Personal information
- Nationality: South Korean
- Born: 12 August 1994 (age 31) Incheon, South Korea
- Height: 191 cm (6 ft 3 in)
- Weight: 85 kg (187 lb)
- Spike: 310 cm (10 ft 2 in)
- Block: 300 cm (9 ft 10 in)
- College / University: Inha University

Volleyball information
- Position: Outside hitter
- Current club: Incheon Korean Air Jumbos
- Number: 18

Career
| Years | Teams |
| 2016– | Korean Air Jumbos |

Honours
Asian U23 Championship
| Silver medal – second place | 2015 Naypyidaw |  |

= Kim Sung-min (volleyball) =

South Korean volleyball player (born 1994)
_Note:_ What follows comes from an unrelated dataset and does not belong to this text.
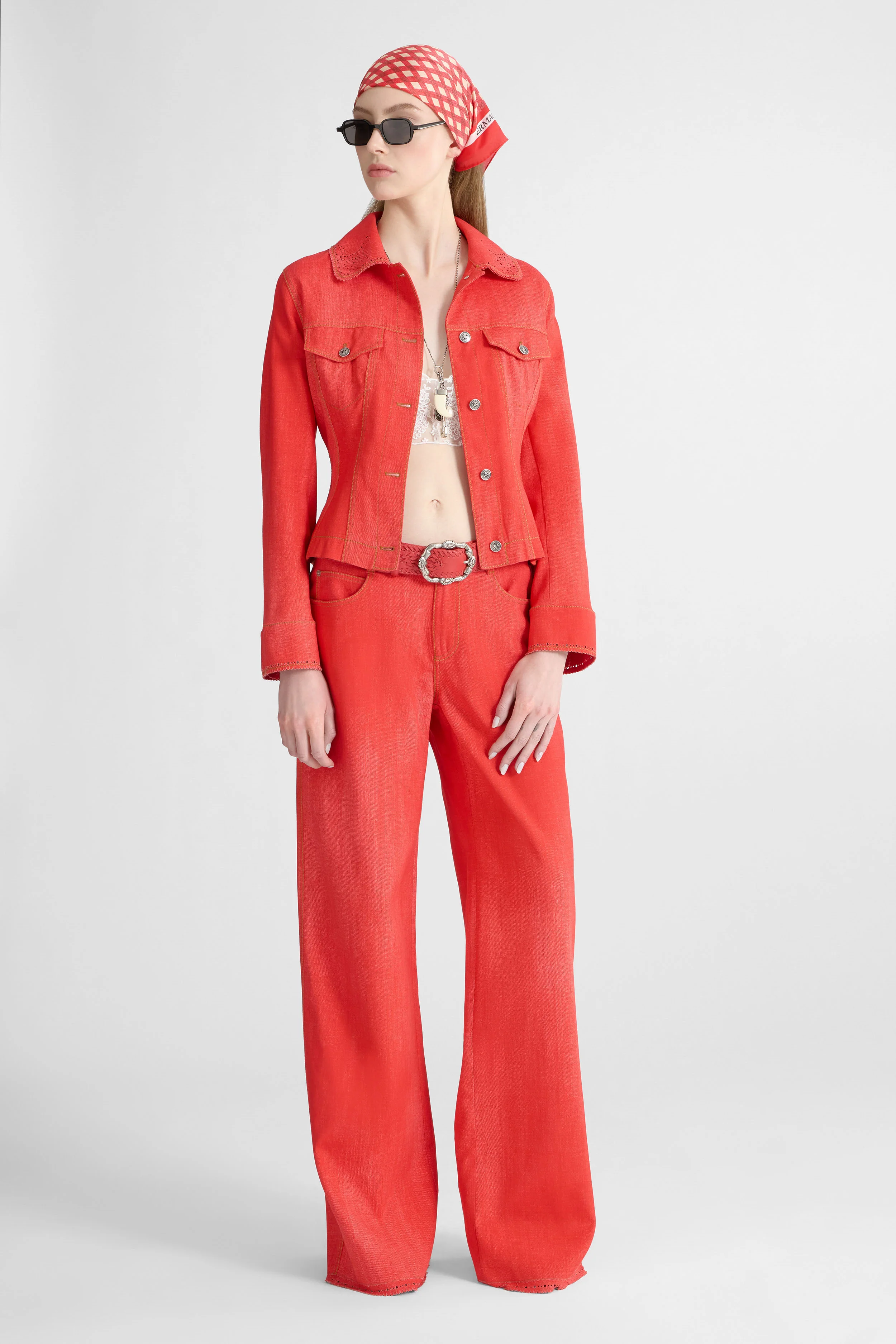 Hand-applied rebrodé lace with a subtle three-dimensional effect.

Kim Sung-min (born in Incheon) is a South Korean male volleyball player. He currently plays for the Incheon Korean Air Jumbos in the V-League.

==Career==
===Clubs===
After finishing a successful college volleyball career at Inha University, where he was recognized as the top collegiate spiker in the country, Kim was eligible for the V-League draft. He was selected by the Korean Air Jumbos with the fourth pick of the first round in the 2016 V-League Draft.

===National team===
As a junior at Inha University in 2015, Kim was selected for the South Korean collegiate national team to participate in the 2015 Asian U23 Championship, the 2015 FIVB U23 World Championship and the 2015 Summer Universiade.